Шрифт:
Интервал:
Закладка:
После астронома выступил астролог, долго говоривший о наступившей Эре Водолея и связанных с этим изменениях в мире. Каким образом это относится к приему и расшифровке сигнала, Шерстка не поняла. Она полностью управилась с бутербродами и теперь смотрела на экран, стараясь избавиться наконец от бродивших в голове тревожных мыслей. Подумав, она сходила в кухню и поставила на огонь чайник. Из комнаты глухо доносился голос ведущего.
– Официальные данные расшифровки сигнала американская сторона до сих пор не предоставила миру, но независимый источкник в газете «Sun» сообщил, что инопланетное сообщение не донесло до нас никаких сведений о своей цивилизации. Вместо этого нам отправили изображение какой-то фигуры, состоящей из множества треугольников.

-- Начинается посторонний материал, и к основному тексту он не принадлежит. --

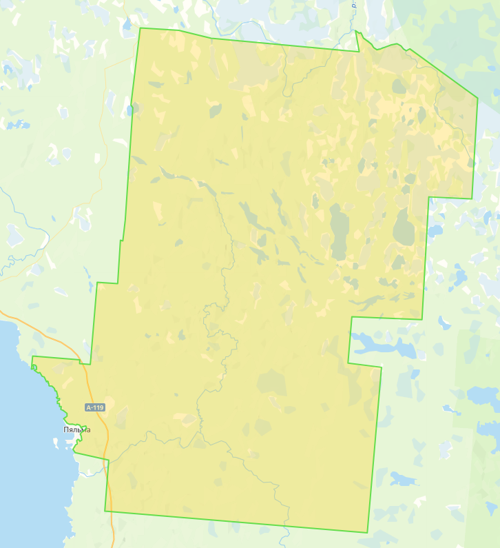 Участок 1 Северная граница - по границе Пудожского района, далее по границе Республики Карелия в точке с координатами 62.748595 N, 36.661033 E Восточная граница - от точки с координатами 62.748595 N, 36.661033 E на юг до точки с координатами 62.655698 N, 36.647300 E, далее на запад до точки с координатами 62.658221 N, 36.563358 E, далее на юг до точки с координатами 62.540036 N, 36.549453 E, далее на запад до точки с координатами 62.541460 N, 36.413326 E, далее на юг до точки с координатами 62.501382 N, 36.407661 E, далее на восток до точки с координатами 62.495833 N, 36.472892 E, далее на юг до точки с координатами 62.347059 N, 36.443710 E Южная граница - от точки с координатами 62.347059 N, 36.443710 E, на запад до точки с координатами 62.367767 N, 35.915336 E Западная граница - от точки с координатами 62.367767 N, 35.915336 E на север до точки с координатами 62.418359 N, 35.922203 E, далее на запад до берега Онежского озера, далее по берегу Онежского озера, далее по границе Пудожско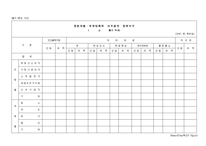 9,000원/월제5호 결손처분.부과철회자 사후관리 결과보고 양식입니다. 전산출력자료, 처리내용, 미처리 등을 기재합니다.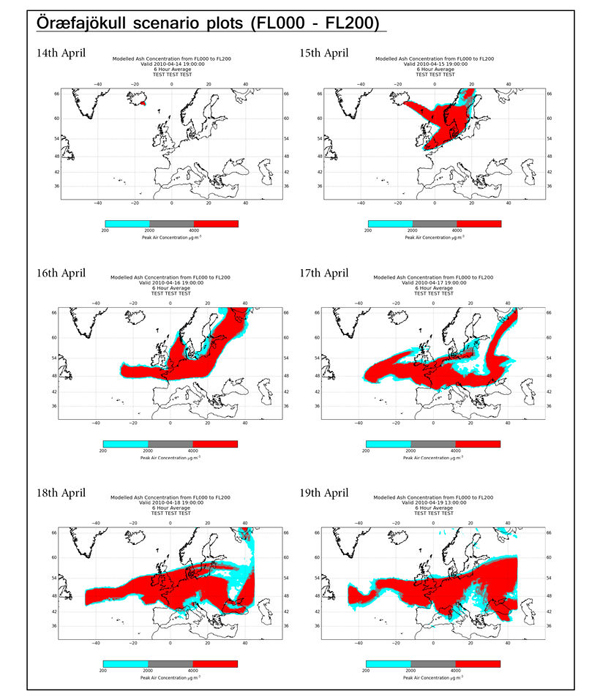 A research group at the University of Iceland has formulated two eruption scenarios for Öræfajökull based on historical events to predict possible impacts of eruptions larger than the one that occurred in Eyjafjallajökull. Both scenarios were modelled around the weather conditions from the 2010 eruption. The NAME model, an ash dispersion model used by the London Volcanic Ash Advisory Centre (VAAC), was used to simulate the ash clouds in the eruption scenarios.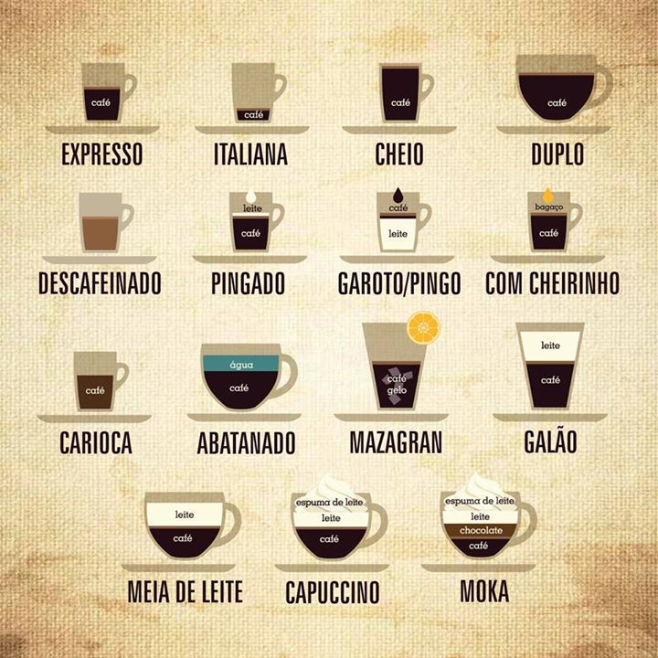 Quando un paese ha la passione del caffè, ovviamente, aumentano le modalità di preparazione e quindi i modi di chiedere un caffè al bar, che qui si chiama “café”, “cafeitaria” o “confeitaria” (quest’ultimo caso se producono anche dolci propri. I bar sono esclusivamente locali notturni per drink).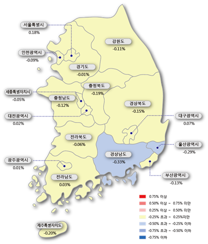 지방(-0.11%→-0.11%)은, 5대 광역시(-0.07%→-0.06%), 8개도(-0.15%→-0.16%), 세종(0.00%→-0.05%) 등에 영향으로 지난주 하락폭 유지했다.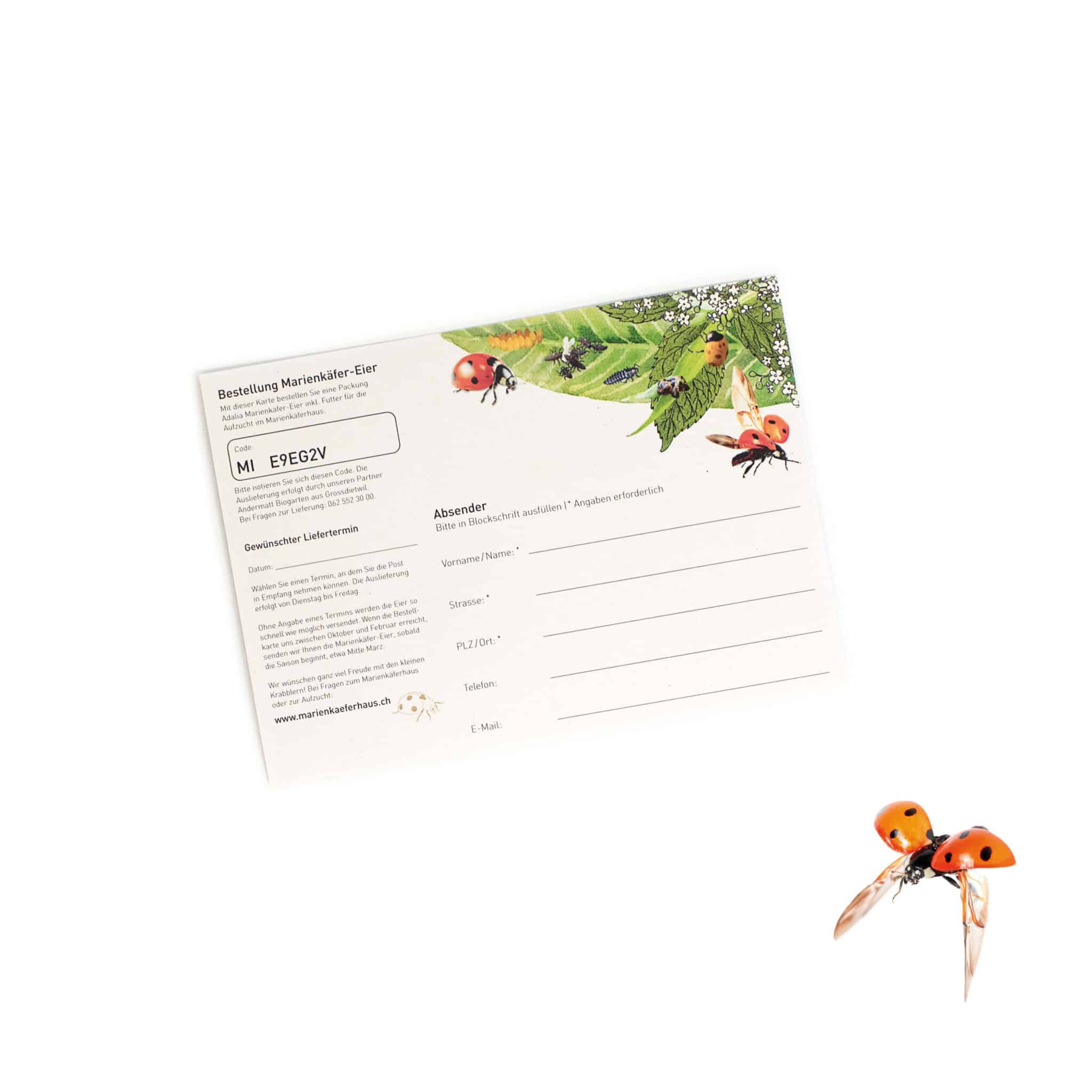 Eine vorfrankierte Bezugskarte (Gutschein) für Marienkäfer-Eier aus der Biogärtnerei.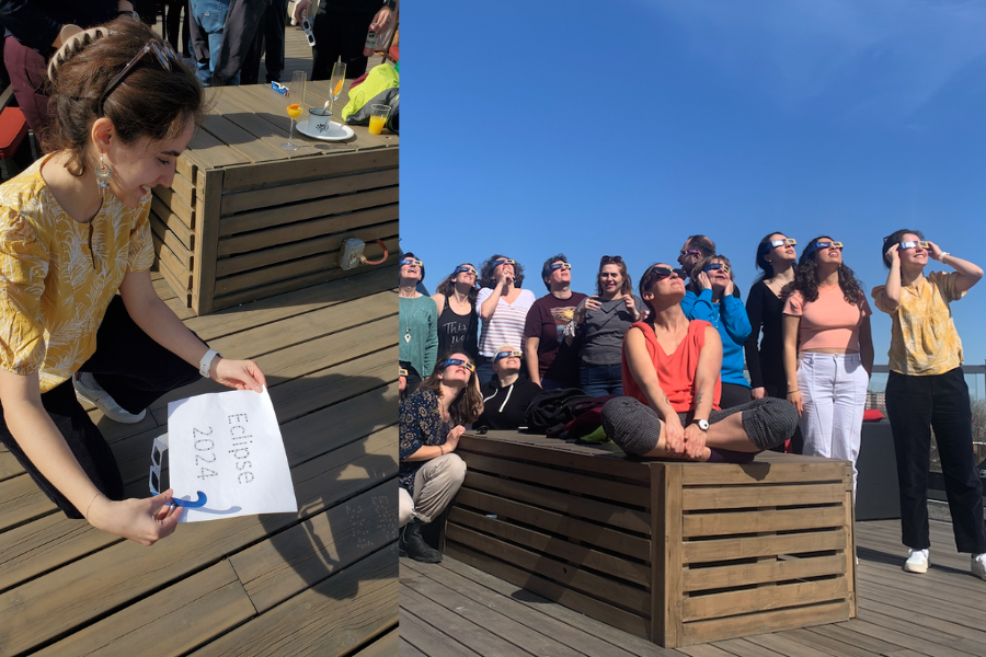 On the day of the eclipse, the ambassadors’ unwavering dedication shone brilliantly. Many guided the tens of thousands of people who gathered at the many events across the province, including those held on UdeM campuses: at the CEPSUM, the MIL campus, the Institut de recherche en biologie végétale at the Biodôme, the main campus and the Ste-Hyacinthe campus. Others organised their own events, transforming the roof of their building, a park near their home or a carefully identified plot of land in the path of totality into improvised observation sites.
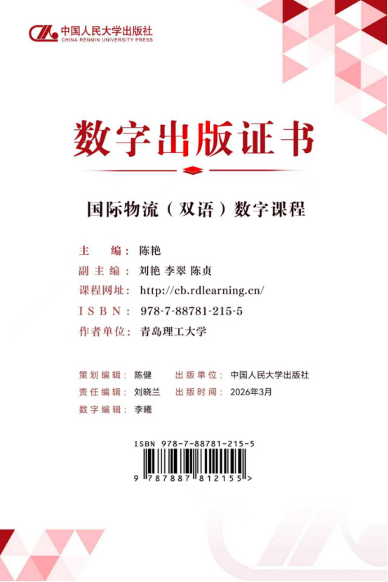 2026年3月,我院自主建设的精品数字课程——《国际物流(双语)》由中国人民大学出版社正式出版上线,标志着我院在数字教材建设领域取得标志性成果,为学院多元化教学模式改革与复合型专业人才培养注入新动能。
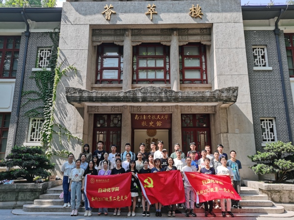 烈日炎炎,在古色古香的荟萃楼校史馆门前,党支部全体成员合影留念。随后在讲解员的带领下,大家一起参观了校史馆“发展历程”、“人才培养”、“科学研究”、“党建引领”4个展厅,重温和体会了南航建校之初的艰苦历程以及建校之后的快速发展。

Шерстка усмехнулась, представив озадаченный вид ученых. Они наверняка ожидали получить формулы невиданной технологии, а вместо этого им подсунули совершенно непонятную билеберду. Наверное так же был бы озадачен Робинзон, если бы целый день открывал выброшеный морем сундук, а там вместо еды, пороха и инструментов, обнаружилась статуя Венеры Милосской. Девушка вспомнила разговор с Олегом о «Пионерах» и «Вояджерах», на которых в космос отсылали пластинки с изображениями великих произведений искусства. Если инопланетяне их когда-то поймают и расшифруют, то вид у них будет не менее потеряный. Хотя та же Венера Милосская – бесценное творение. Тут важно другое – способен ли человек отстроиться от утилитарности полученного знания и попросту насладиться его красотой?
«Интересно было бы глянуть на эту фигуру из треугольников», – подумала Шерстка. – «Может это ни что иное, как скульптура, которую инопланетяне считают прекрасной? Может это тест на совместимость наших культур? Ведь вряд ли возможен контакт между расами, у которых абсолютно несовместимы понятия красоты и уродства».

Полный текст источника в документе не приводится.